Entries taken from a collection
● ● ● ● ●
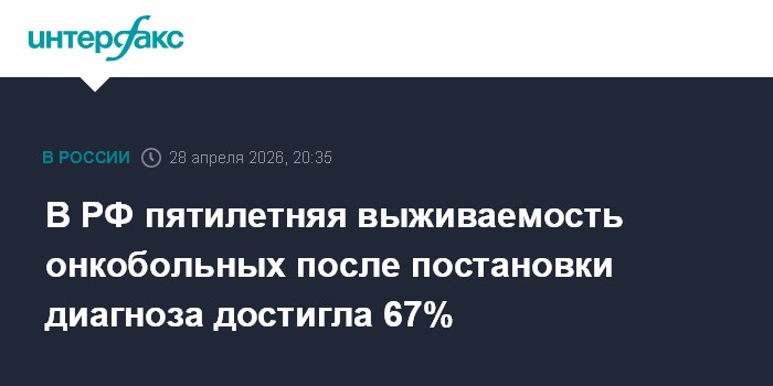 Москва. 28 апреля. INTERFAX.RU - Министр здравоохранения РФ Михаил Мурашко сообщил об историческом максимуме - 67% заболевших онкологическим заболеванием выживают в течение пяти лет с момента постановки диагноза.
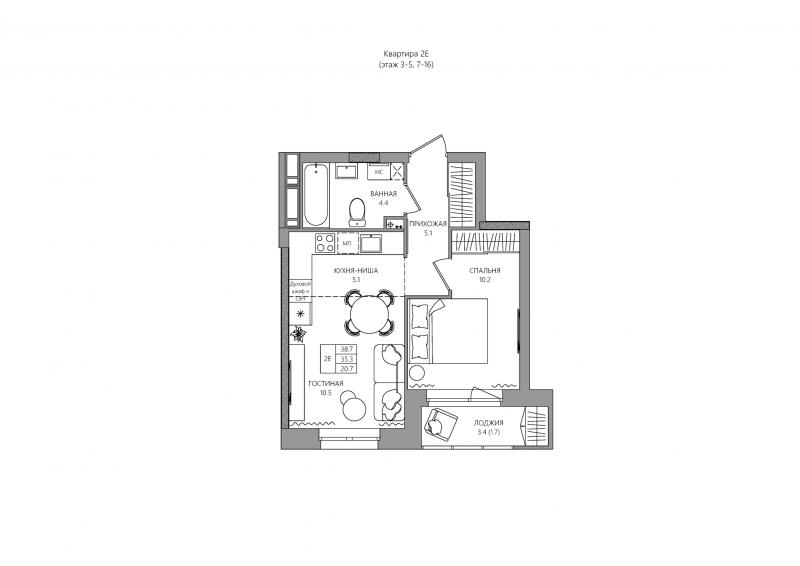 1-комн. кв. 36.30 м² 2/25 эт.
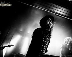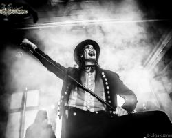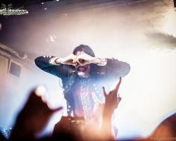 Unsurprisingly, the setlist draws heavily from Feathers & Flesh but also features several fan favorites from earlier popular albums Hail the Apocalypse and Black Waltz. Occasionally sipping an unknown beverage from his petrol canister, Eckerström addresses the audience regularly, never breaking character. His joker-like ear-to-ear grin, extended tongue, and manic eyes make it hard to refuse his requests… no… demands for everyone to put their devil horns in the air. After all, this is a room filled with beautifully deranged metalheads, he reminds us. There are certainly similarities with early Marilyn Manson and the likes of Murderdolls, but with enough originality to make it feel fresh. Stomping renditions of ‘Hail the Apocalypse’ and ‘Vultures Fly’ combined with singalong tracks like ‘Bloody Angel’ prove that the crowd is familiar with their earlier works as well as brand new tracks like ‘New Land’ and ‘House of Eternal Hunt’. We are even treated to the exclusive international live debut of ‘When the Snow Lies Red’. And with the show in its climatic final quarter, there’s still time to reach back to Black Waltz, their 2012 album which introduced Eckerström’s clown-like persona, for popular tracks ‘Let it Burn’ and the appropriately titled ‘Smells Like a Freakshow’.
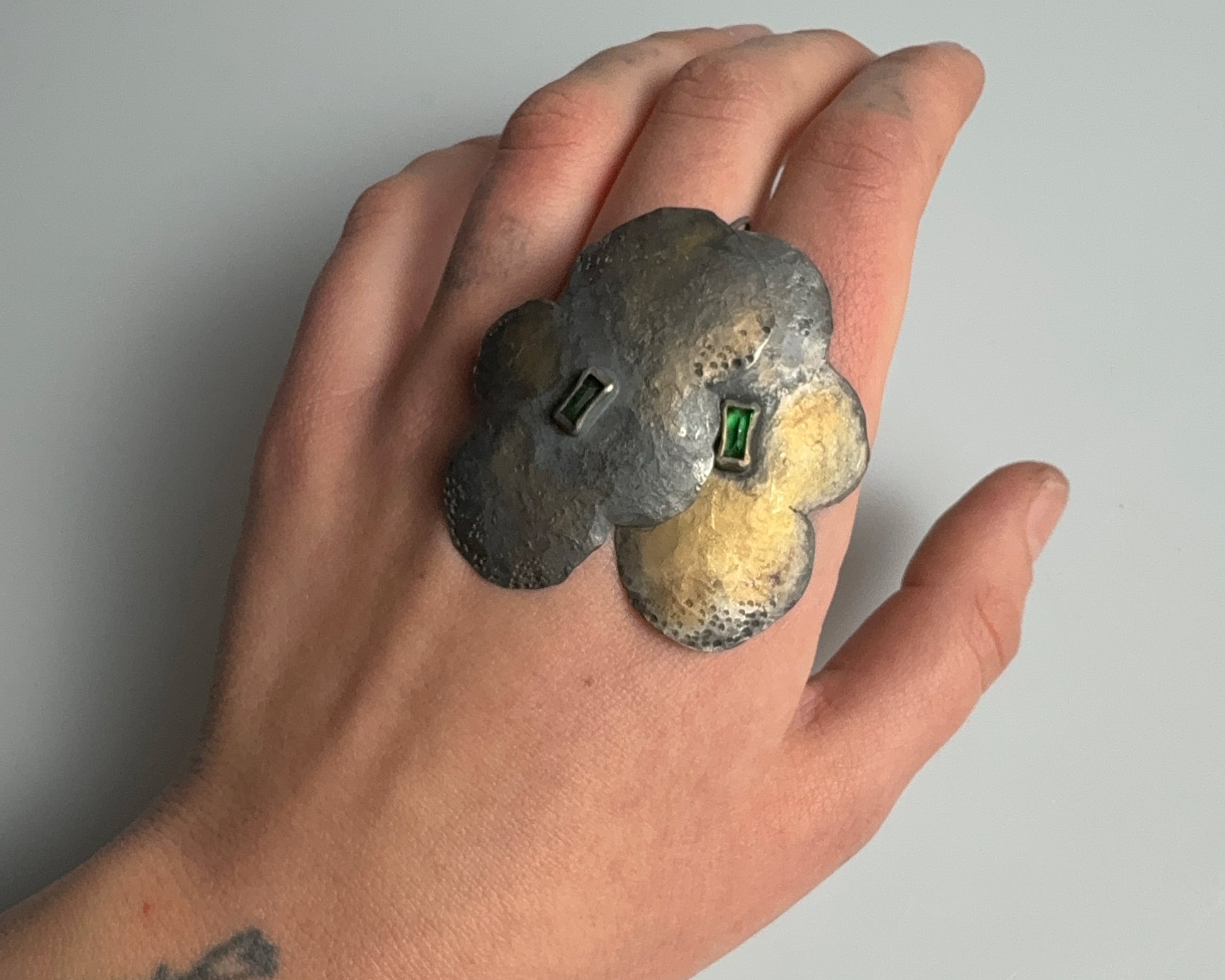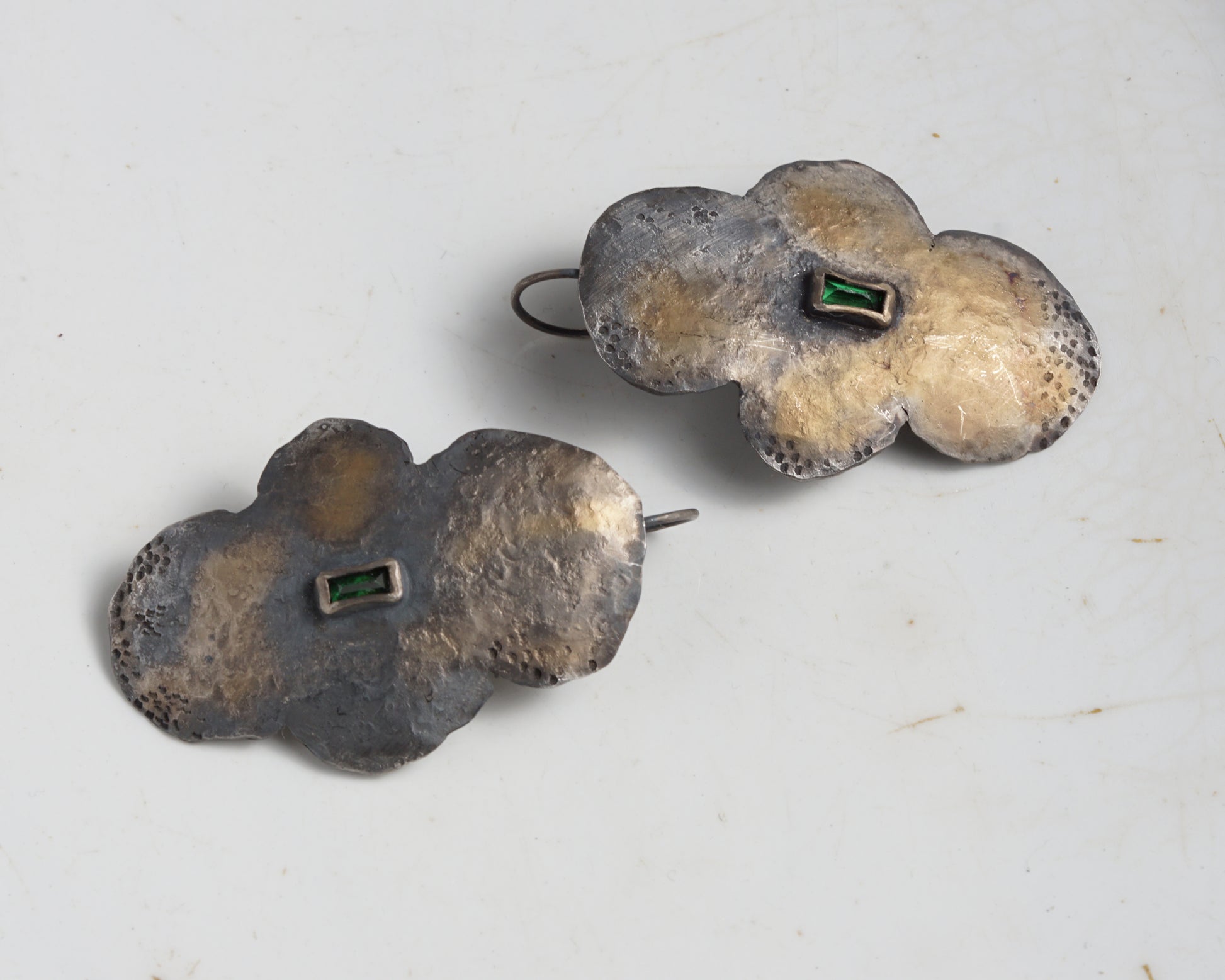 Hand-forged earrings made of sterling silver. The surface is oxidized and finished with a 14k gold patina. Each earring is set with a rectangular green alpinite stone, secured as a central accent.
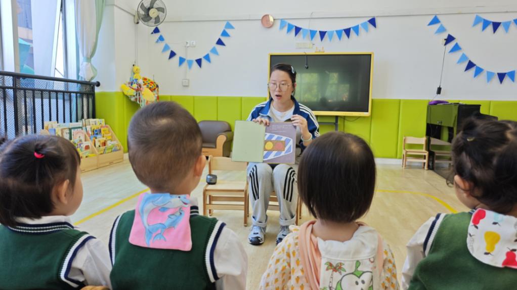 竜岩市博立保育園の年少クラスの教室で、子どもたちに絵本の読み聞かせをする保育士。(10月30日撮影、竜岩=新華社配信/劉黙涵)
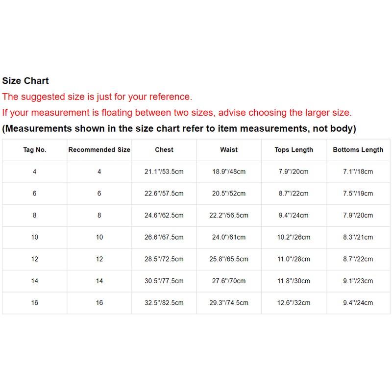 | Etikett Nr. | Empfohlene Größe | Brustumfang | Tops Length | Shorts Waist | Hüftenumfang | Shorts Length | Briefs Waist |
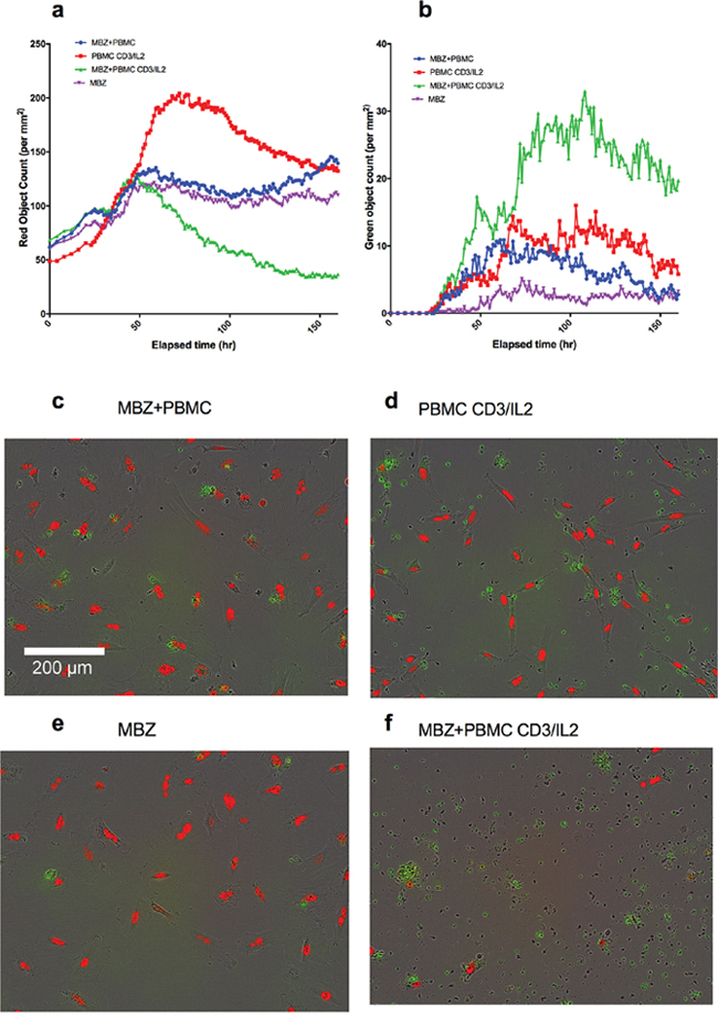 Figure 4: Co-culture of PBMCs and red fluorescence-labeled A549 lung cancer cells in medium containing caspase 3/7 probe (Cas3/7). The kinetics of changes in A549 cell survival (red object count) and apoptosis (green object count, cas3/7 positive cells) in response to anti-CD3/IL2 and MBZ is presented in panel (a and b), respectively. Representative photomicrographs for the different incubations after 1 week are shown in (c-f), as indicated. The difference in red object count measured as AUC between the MBZ+CD3/IL2 treatment group vs all other groups including MBZ without PBMC (see Table 1). This was also the case when comparing AUC of green object counts (caspase positive cells).
● ● ● ● ●
## TASK GOAL
Please output every record above exactly as written, leaving out the pictures.

## RESPONSE TO THE EXERCISE
 Москва. 28 апреля. INTERFAX.RU - Министр здравоохранения РФ Михаил Мурашко сообщил об историческом максимуме - 67% заболевших онкологическим заболеванием выживают в течение пяти лет с момента постановки диагноза.
 1-комн. кв. 36.30 м² 2/25 эт.
 Unsurprisingly, the setlist draws heavily from Feathers & Flesh but also features several fan favorites from earlier popular albums Hail the Apocalypse and Black Waltz. Occasionally sipping an unknown beverage from his petrol canister, Eckerström addresses the audience regularly, never breaking character. His joker-like ear-to-ear grin, extended tongue, and manic eyes make it hard to refuse his requests… no… demands for everyone to put their devil horns in the air. After all, this is a room filled with beautifully deranged metalheads, he reminds us. There are certainly similarities with early Marilyn Manson and the likes of Murderdolls, but with enough originality to make it feel fresh. Stomping renditions of ‘Hail the Apocalypse’ and ‘Vultures Fly’ combined with singalong tracks like ‘Bloody Angel’ prove that the crowd is familiar with their earlier works as well as brand new tracks like ‘New Land’ and ‘House of Eternal Hunt’. We are even treated to the exclusive international live debut of ‘When the Snow Lies Red’. And with the show in its climatic final quarter, there’s still time to reach back to Black Waltz, their 2012 album which introduced Eckerström’s clown-like persona, for popular tracks ‘Let it Burn’ and the appropriately titled ‘Smells Like a Freakshow’.
 Hand-forged earrings made of sterling silver. The surface is oxidized and finished with a 14k gold patina. Each earring is set with a rectangular green alpinite stone, secured as a central accent.
 竜岩市博立保育園の年少クラスの教室で、子どもたちに絵本の読み聞かせをする保育士。(10月30日撮影、竜岩=新華社配信/劉黙涵)
 | Etikett Nr. | Empfohlene Größe | Brustumfang | Tops Length | Shorts Waist | Hüftenumfang | Shorts Length | Briefs Waist |
 Figure 4: Co-culture of PBMCs and red fluorescence-labeled A549 lung cancer cells in medium containing caspase 3/7 probe (Cas3/7). The kinetics of changes in A549 cell survival (red object count) and apoptosis (green object count, cas3/7 positive cells) in response to anti-CD3/IL2 and MBZ is presented in panel (a and b), respectively. Representative photomicrographs for the different incubations after 1 week are shown in (c-f), as indicated. The difference in red object count measured as AUC between the MBZ+CD3/IL2 treatment group vs all other groups including MBZ without PBMC (see Table 1). This was also the case when comparing AUC of green object counts (caspase positive cells).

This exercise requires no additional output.